We’ve made this a bunch of times and it’s a favorite for sure. Following the recipe exactly makes a great dish. Do that and be super happy.
After making this a ton of times we have settled upon a couple of modifications. Add tomato paste and a bit of sugar to smooth the tomato/cumin/chili powder edges. We also add a cup or more of water and cook the dish covered, which makes an incredible sauce–just preference on that though.
Surprisingly spicy and so so good! Used hot chili powder, chives, cilantro, and quinoa; added nonfat plain Greek yogurt; and omitted pita. This will go in our regular rotation!
Meant to rate this five stars!
I was gifted a frozen batch of this and it sounds amazing, but I don’t have an instant pot! Will it still work to simply thaw it out and cook it all on the stove together, despite not adding the ingredients in order?
Hi! In the freezer version of this it lists instructions for the instant pot but not for the crockpot. Would that not work with this dish? I have yet to jump on the instapot bandwagon!
Hi, Lauren! This recipe wasn’t tested as a freezer meal in the slow cooker, and we’re not sure it would work super well.
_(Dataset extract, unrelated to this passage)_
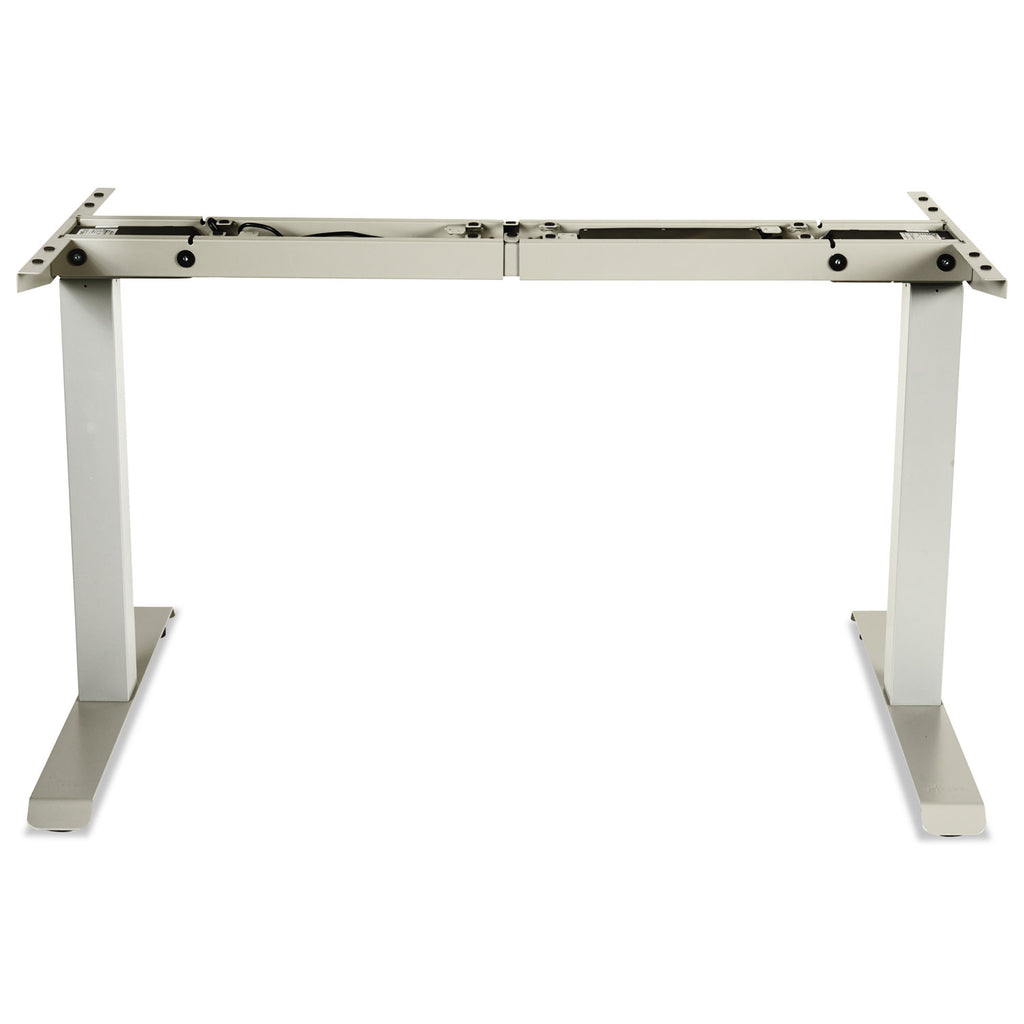 Set the perfect height when sitting or standing, when you choose this electric, two-stage, height-adjustable table base. Durable, powder-coated steel base features a 250 lb maximum lift capacity (maximum capacity includes the sold-separately table-top), a 19" lift/lower range (from 27" to 47") as well as a standard up-and-down control set. Dual-motors provide speeds of up 0.8" per second (depending on overall load); and though designed specifically for use with ALETT Series Reversible Laminate Rectangular Table Tops (sold separately), these steel-frame bases attach to most common rectangular tops ranging from 48" to 72" in width and 24" to 36" in depth. Integrated crossbar supports prevent racking while ensuring overall stability. Adjustable leveling glides help you compensate for uneven floors. Base includes integrated cable-management channels and a 9.8 ft power cord. Quick setup with fold-out legs—requires minimal assembly. Table tops and bases are sold and shipped separately—ORDER BOTH.

The chickpeas might get too mushy.
This recipe was delicious! Full of flavor and easy to make. My entire family (including 3 young kids) all loved it.
Hi, just wondering how many each serve is in grams?
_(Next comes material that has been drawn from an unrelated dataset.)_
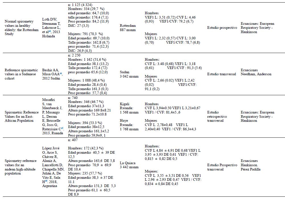 Conclusions: The spirometry reference values vary according to height (higher at heights >1,500 m.a.s.l.) and sex (higher in men). It is necessary to have broader and more convincing evidence on the subject.

Hi, Kathy! Unfortunately we don’t know the serving size in grams. Sorry!
Delicious! Just made this for dinner tonight & it turned out phenomenal. I must say that the cucumber & the dollop of coconut yogurt really complimented the dish nicely. Thank you for another fabulous vegan dinner! Xoxo.
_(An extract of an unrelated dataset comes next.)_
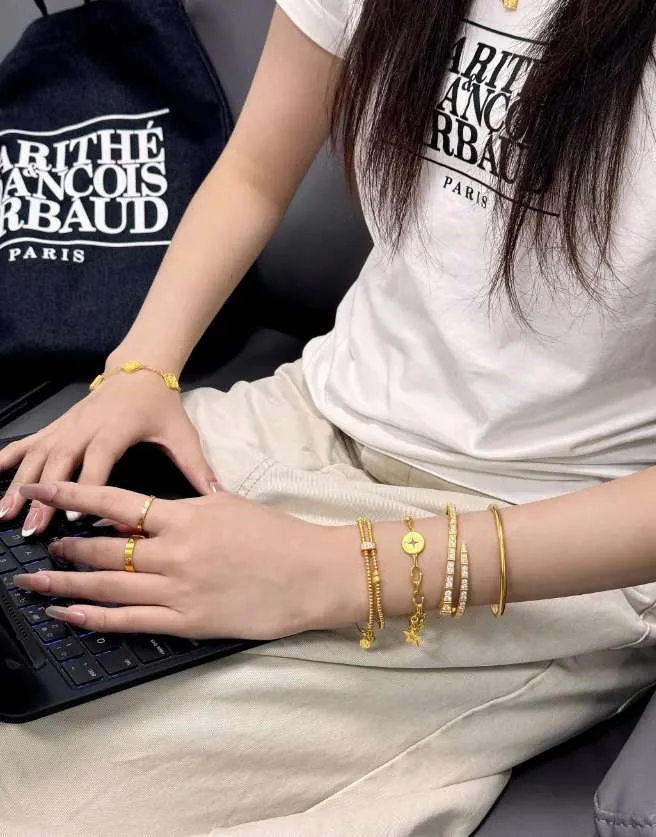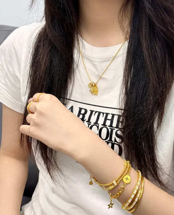 我问她 你为啥不买真的 她说买真金压力大 抽屉里放着也不戴 然后朋友聚会拍照就看个闪 我突然被戳到了 我年轻时候也追过潮鞋 花两千多 转头跌成八百 心里疼得要命 这几年我开始每月攒点小金豆 1克 2克 慢吞吞地 逛到店里看今天一千多的标签心里也会哆嗦 但握在手里有分量 这分量是踏实感啊💎

Definitely heavily spiced, but well offset by the cucumber and fresh herbs (for kids, I would cut back on the quantities of spices a tad). Love how fast and easy this was!
Will be making this again! Delicious !
Since I was just making this for me I cut the recipe in half. It was so quick and easy and very delicious. Funny story the grocery store had mixed up the labels for local cucumber and bitter melon so that was a horrible surprise. I do not recommend eating raw bitter melon (especially when you don’t scoop out the middle). I should have stuck to my instincts when I was looking at the produce. lesson learned. I will make this again.
I made this as a freezer meal
I do not have an instant pot
What are your suggestions for crock pot?
I just made this for dinner and am eating it as I type. Wow!! It is delicious and tastes so fresh and healthy. I subbed the chili powder for Sambal Oelek (chili paste) because I didn’t have any. And it’s fantastic and has the perfect amount of kick. This recipe is amazing! 10/10
So good!
How long if using a slow cooker instead of an instant pot?
We’d suggest 2 hours on high or around 4 hours on low.